■ Aim of the exercise
Go to the line containing "Még a tárolás" in the records below and print it and every following line exactly, on through the line containing "Map of Great", then stop.

■ Source material

*****

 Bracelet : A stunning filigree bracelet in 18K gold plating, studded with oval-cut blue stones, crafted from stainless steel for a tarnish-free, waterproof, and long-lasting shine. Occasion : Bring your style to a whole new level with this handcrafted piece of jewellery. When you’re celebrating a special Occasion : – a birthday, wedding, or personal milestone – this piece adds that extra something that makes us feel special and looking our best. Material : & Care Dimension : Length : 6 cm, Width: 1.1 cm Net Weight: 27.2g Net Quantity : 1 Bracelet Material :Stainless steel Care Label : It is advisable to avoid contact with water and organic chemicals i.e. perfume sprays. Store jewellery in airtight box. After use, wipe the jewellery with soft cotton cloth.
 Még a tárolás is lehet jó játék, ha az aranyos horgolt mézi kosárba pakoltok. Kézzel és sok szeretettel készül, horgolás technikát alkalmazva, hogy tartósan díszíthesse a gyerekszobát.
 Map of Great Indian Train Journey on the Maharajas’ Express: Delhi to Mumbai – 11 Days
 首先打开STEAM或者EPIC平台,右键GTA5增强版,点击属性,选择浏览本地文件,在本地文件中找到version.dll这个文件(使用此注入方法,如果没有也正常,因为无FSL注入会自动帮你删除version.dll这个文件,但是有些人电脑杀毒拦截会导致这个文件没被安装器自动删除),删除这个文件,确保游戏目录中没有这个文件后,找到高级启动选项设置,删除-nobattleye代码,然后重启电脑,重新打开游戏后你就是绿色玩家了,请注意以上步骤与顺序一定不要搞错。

*****

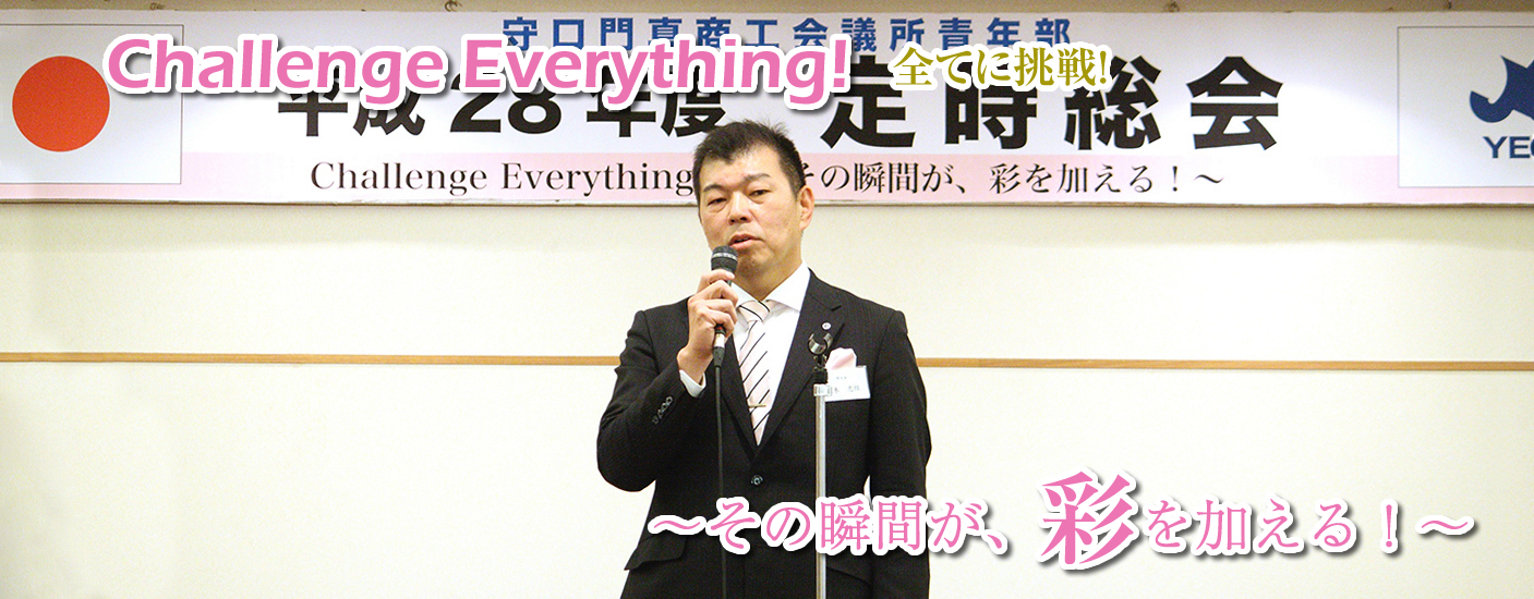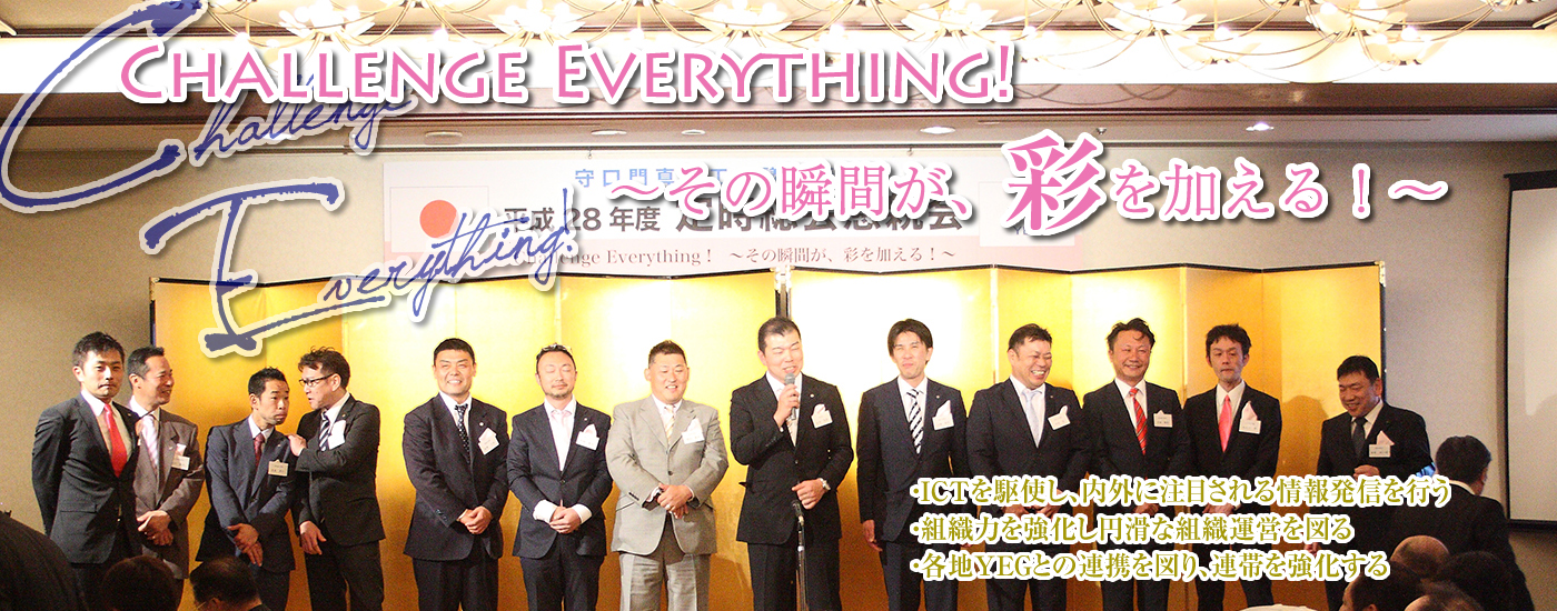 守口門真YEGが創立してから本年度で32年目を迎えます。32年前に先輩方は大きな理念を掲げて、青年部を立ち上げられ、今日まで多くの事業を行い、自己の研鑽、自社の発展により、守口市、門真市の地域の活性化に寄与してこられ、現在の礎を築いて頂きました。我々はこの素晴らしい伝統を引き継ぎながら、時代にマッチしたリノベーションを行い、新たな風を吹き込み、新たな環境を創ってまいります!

*****

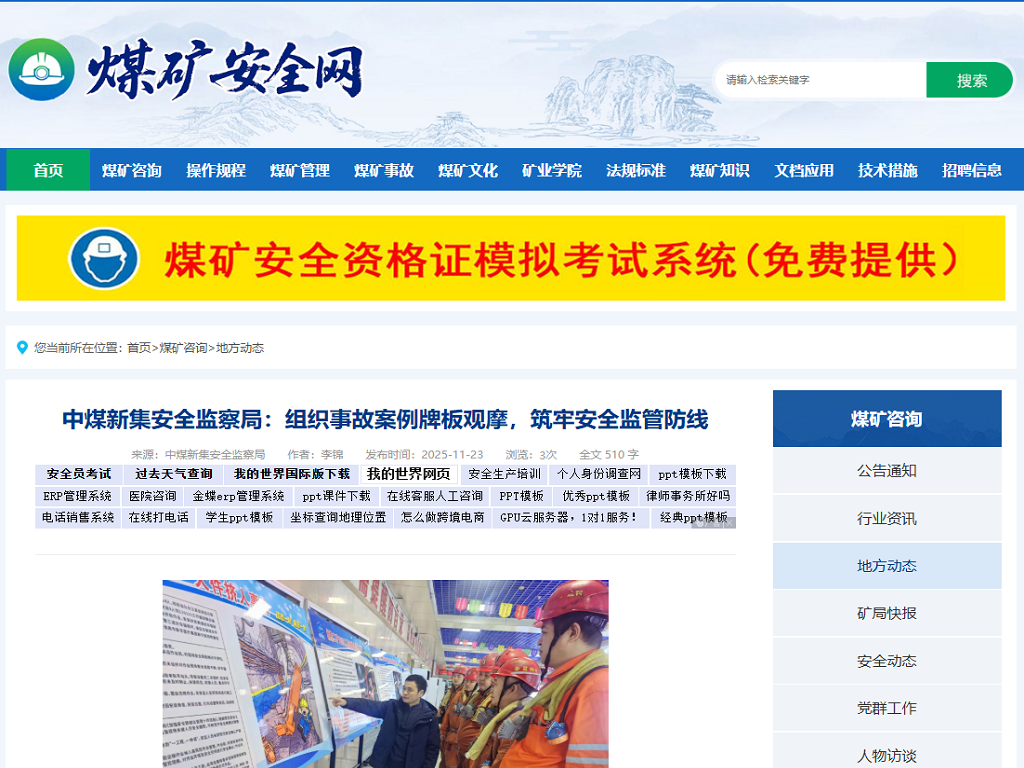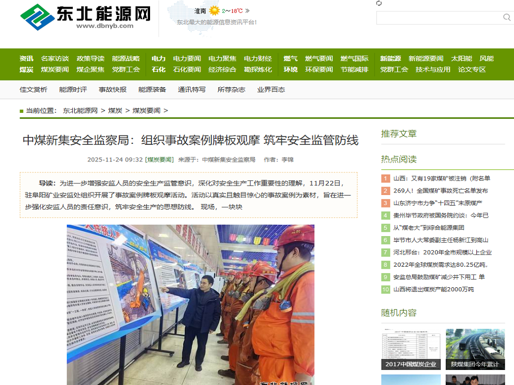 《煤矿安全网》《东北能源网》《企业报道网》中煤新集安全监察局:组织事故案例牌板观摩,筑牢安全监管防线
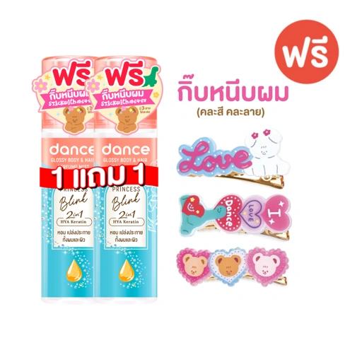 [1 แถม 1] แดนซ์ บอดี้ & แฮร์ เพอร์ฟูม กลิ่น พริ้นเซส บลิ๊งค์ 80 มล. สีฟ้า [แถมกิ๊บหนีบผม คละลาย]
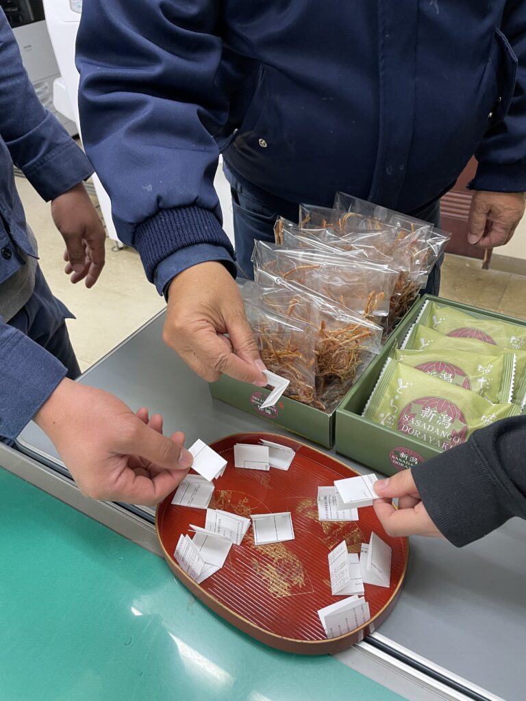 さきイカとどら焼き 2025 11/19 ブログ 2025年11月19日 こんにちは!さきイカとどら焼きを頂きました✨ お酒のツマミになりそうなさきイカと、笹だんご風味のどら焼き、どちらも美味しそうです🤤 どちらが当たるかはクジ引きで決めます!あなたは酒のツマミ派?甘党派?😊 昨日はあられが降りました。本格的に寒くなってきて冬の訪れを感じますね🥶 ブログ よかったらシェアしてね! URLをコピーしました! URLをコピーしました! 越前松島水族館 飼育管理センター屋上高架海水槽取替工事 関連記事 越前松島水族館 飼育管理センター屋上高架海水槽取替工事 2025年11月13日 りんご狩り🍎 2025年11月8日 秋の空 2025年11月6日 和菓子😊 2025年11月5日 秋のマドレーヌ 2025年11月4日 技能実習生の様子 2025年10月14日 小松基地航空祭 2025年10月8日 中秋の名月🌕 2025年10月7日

*****

■ Answer space
 Még a tárolás is lehet jó játék, ha az aranyos horgolt mézi kosárba pakoltok. Kézzel és sok szeretettel készül, horgolás technikát alkalmazva, hogy tartósan díszíthesse a gyerekszobát.
 Map of Great Indian Train Journey on the Maharajas’ Express: Delhi to Mumbai – 11 Days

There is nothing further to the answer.